Analisando os factos provados, verificamos que os relativos ao trabalho nocturno se reportam essencialmente a trabalho nocturno prestado em dia feriado e/ou de descanso, pelo que não se coloca a questão da diferente natureza do trabalho nocturno que os pagamentos inerentes visam retribuir – vide os factos 14. b), 15. b), 16. b) e 17. b). Apenas quanto ao 4.º A. se provou ter sido declarada à Segurança Social a prestação de trabalho nocturno tout court – facto 18. b) – pelo que, pelo menos quanto a este A., ora recorrido, se coloca a questão da concorrência. Mas o trabalho que deva considerar-se nocturno nos termos da cláusula 24.ª do AE, por prestado entre as 20 horas de um dia e as 7 horas do dia seguinte em dia de descanso e feriado, partilha da mesma natureza – de trabalho nocturno – do trabalho prestado entre as 20 horas de um dia e as 7 horas do dia seguinte em dia normal de trabalho, não se vislumbrando justificação para a autonomização de ambos com vista a aferir da regularidade e periodicidade dos valores percebidos a título de trabalho nocturno.
Não cremos que possam ser convocados para confortar a posição das recorrentes os Acórdãos desta Relação de Lisboa por elas referidos nas alegações da apelação, pois que nenhum deles versava especificamente sobre a matéria do reflexo das prestações percebidas a título de trabalho suplementar e nocturno prestado em dia de descanso e feriado, a par do demais trabalho suplementar e nocturno, nas retribuições de férias e subsídios de férias e de Natal. Em tais arestos estava em causa, apenas, a ponderação diferenciada – ou não – dos valores majorados previstos no AE para as horas subsequentes à primeira de prestação de trabalho suplementar ou nocturno, perante a alegação da aí recorrente no sentido de que a regularidade e periodicidade das prestações retributivas de trabalho suplementar e nocturno por si pagas com majoração (de “h. extra 50% noturno” ou de “h. extra 25% noturno”) deveria ser autonomamente avaliada, pretensão que este Tribunal da Relação denegou.

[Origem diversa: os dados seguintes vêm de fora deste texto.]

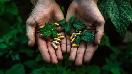 A man holds a handful of pills in his hands on a background of green leaves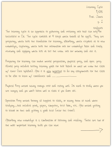 You will have noticed that all methods end with the same step: reviewing your notes as soon as possible after class. Any review of your notes is helpful (reading them, copying them into your computer, or even recasting them using another note-taking method). But THINK! Make your review of notes a thoughtful activity, not a mindless process. When you review your notes, think about questions you still have and determine how you will get the answers. (From the next class? Studying with a friend? Looking up material in your text or on the net?) Examine how the material applies to the course; make connections with notes from other class sessions, with the material in your text, and with concepts covered in class discussions. Finally, it’s fun to think about how the material in your notes applies to real life. Consider this both at the very strategic level (as in “What does this material mean to me in relation to what I want to do with my life?”) as well as at a very mundane level (as in “Is there anything cool here I can work into a conversation with my friends?”).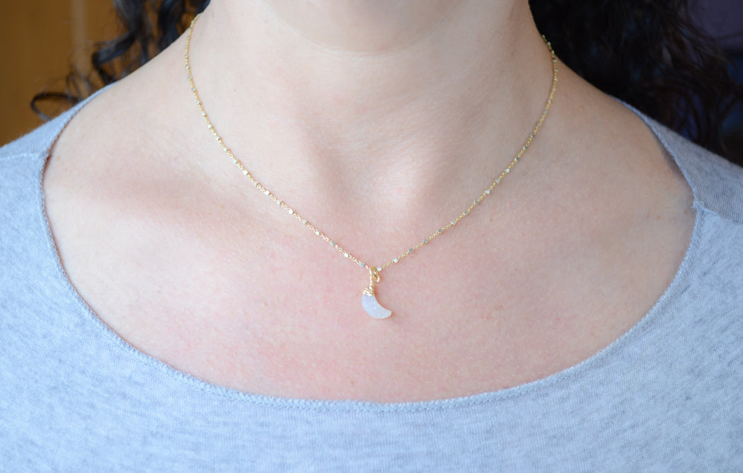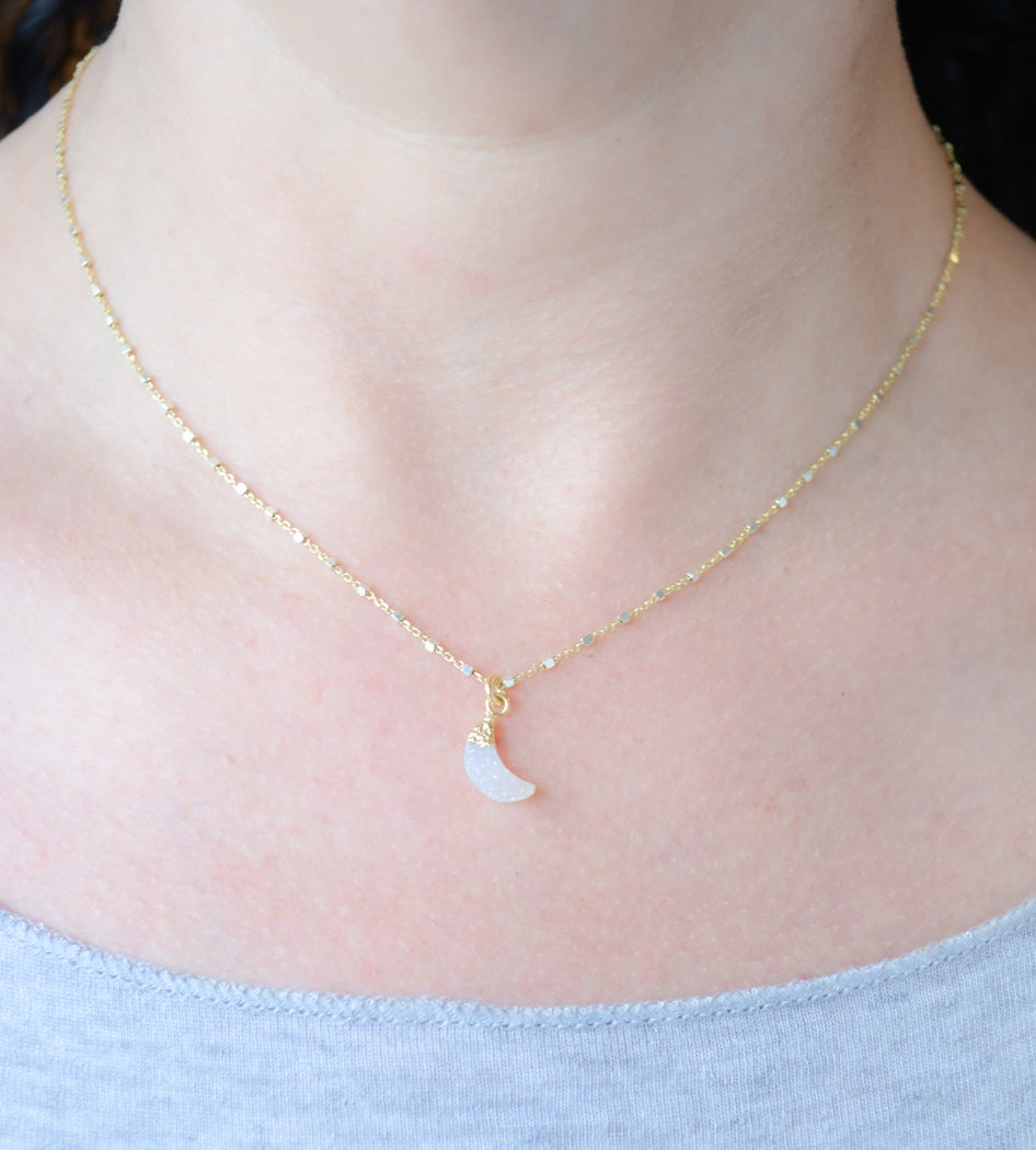 Our tiny white druzy crescent moon pendant on 2 tone sterling silver and 22kt gold plate chain is minimalist chic. Adjustable 16-18″. Pendant is 1/2″.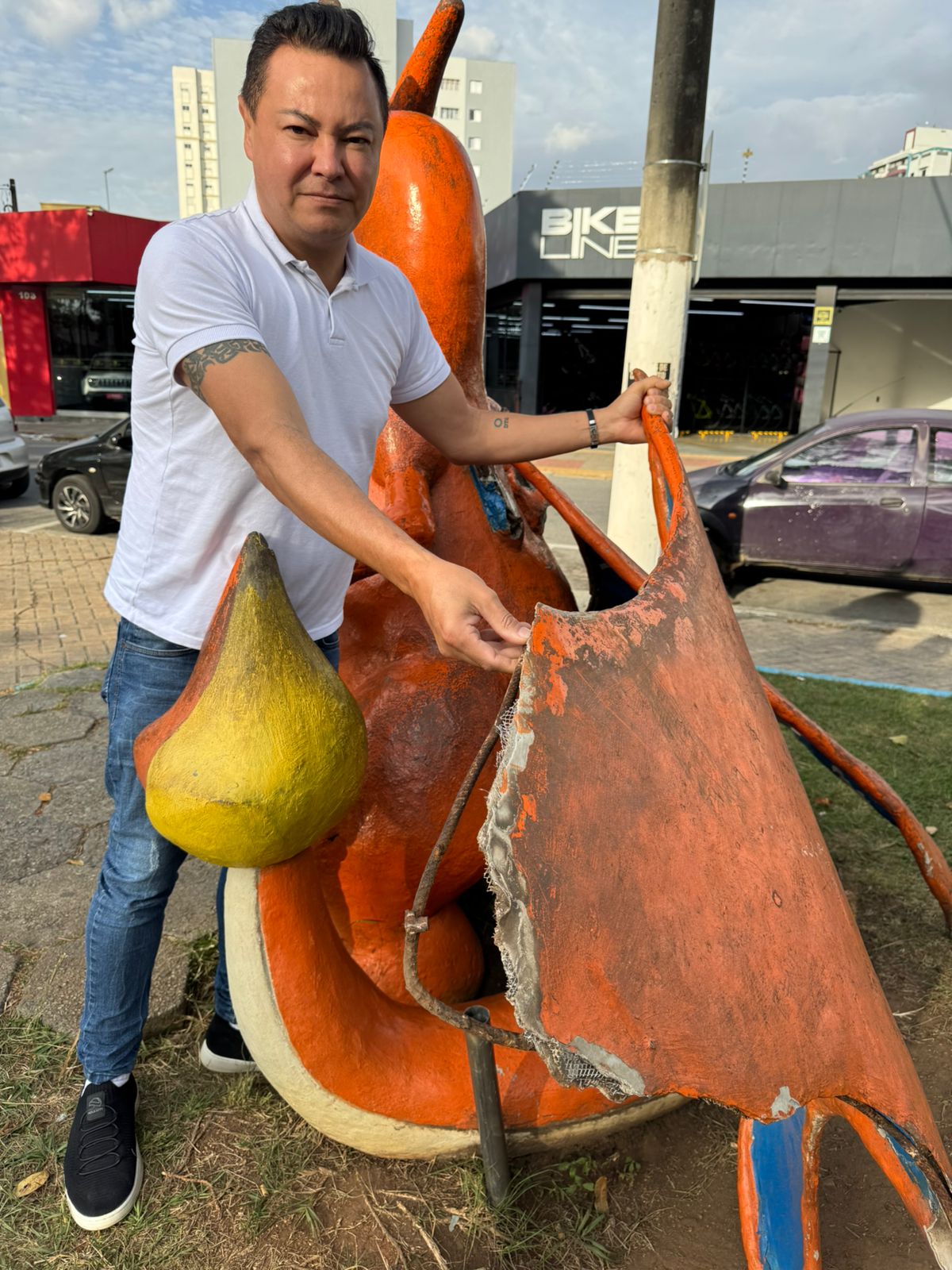 Descrição da imagem #PraCegoVer: de pé, vereador Marcel da ONG segura asa quebrada de Pokémon instalado na praça dos Expedicionários.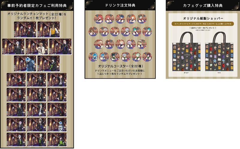 また、本をイメージしたスペシャルボックスに入ったフードメニューや「ナイトレイブンカレッジ」の7つの寮をそれぞれイメージしたドリンクの他、昨年に引き続き、上倉エクさんがイラストを担当した「ミニキャラシリーズ」と、「総柄シリーズ」のデザインで、ファッション雑貨やステーショナリーなどのカフェオリジナルグッズ、オリジナルノベルティ等を展開いたします。
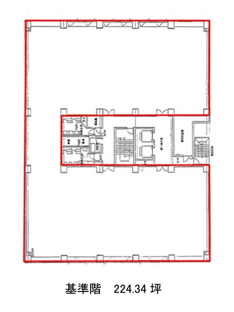 外観は全体的に淡いグレーを基調としており、とてもシンプルな構造になっております。周辺には、コンビニや飲食店、郵便局などが複数あるためとても利便性が高いです。またビルの1Fにはスーパーが入っているため、帰宅時などに夕食の買い出しをしてから帰宅することもできます。ビル内のトイレは男女別となっており、駐車場もあるため、社用車を使う場合も便利です。基準階は約225坪あり、室内はコの字型の形をしていますが、柱は壁に沿ってあるため、比較的レイアウトは組みやすいでしょう。
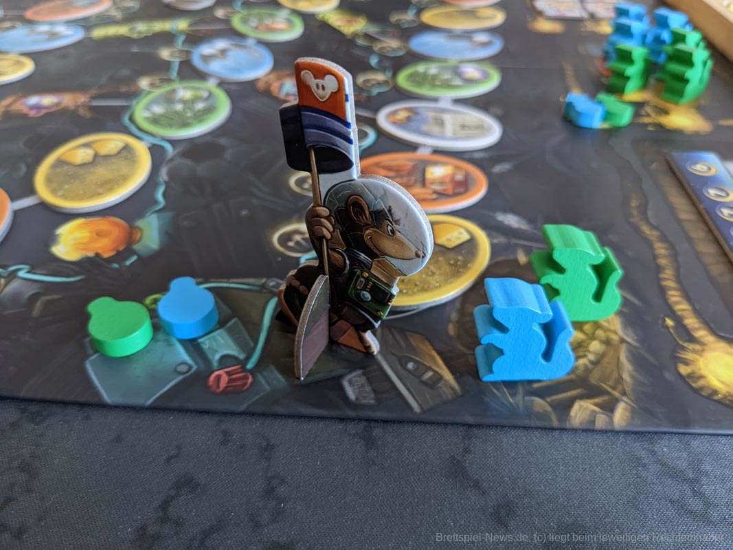 Mit Hilfe der letzten Aktion im Spiel können wir durch das Ausgeben der gesammelten Materialien Raketenteile bauen und somit Siegpunkte generieren. Neben den oben genannten Aktionen gibt es noch zwei Leisten, die dabei helfen das Spiel zu gewinnen. Mit Hilfe der Lichterleiste können wir mehr Ressourcen bekommen, sollte das Licht auf einem Feld vor oder neben unserer Ratte liegen. In unserem Bau am unteren Ende des Spielfelds ermöglicht unsere kleine Ratte neue Ratten aus dem Bau zu rekrutieren, spezielle Fähigkeiten zu erhalten oder Siegpunkte auf einer speziellen Leiste zu generieren.

Designadamente nos citados Acórdãos da Relação de Lisboa de 1 de Fevereiro de 2023, de 15 de Fevereiro de 2023 e de 28 de Junho de 20239, apenas se indica, em obiter dictum, e citando o constante das sentenças de 1.ª instância aí sob censura, que as prestações que devem integrar a retribuição de férias e o subsídio de férias devem ser divididas “pela natureza da factualidade que lhes dá origem (e que as distingue das prestações comummente devidas em função da prestação de trabalho em circunstâncias normais), mesmo que se verifique uma concorrência de prestações, com a simplicidade do modo como as mesmas são previstas no AE”, ou seja, tendo como arrimo as categorias previstas no AE de remuneração do “trabalho nocturno”, remuneração do “trabalho suplementar” e remuneração do “trabalho em dia de descanso semanal ou feriado”.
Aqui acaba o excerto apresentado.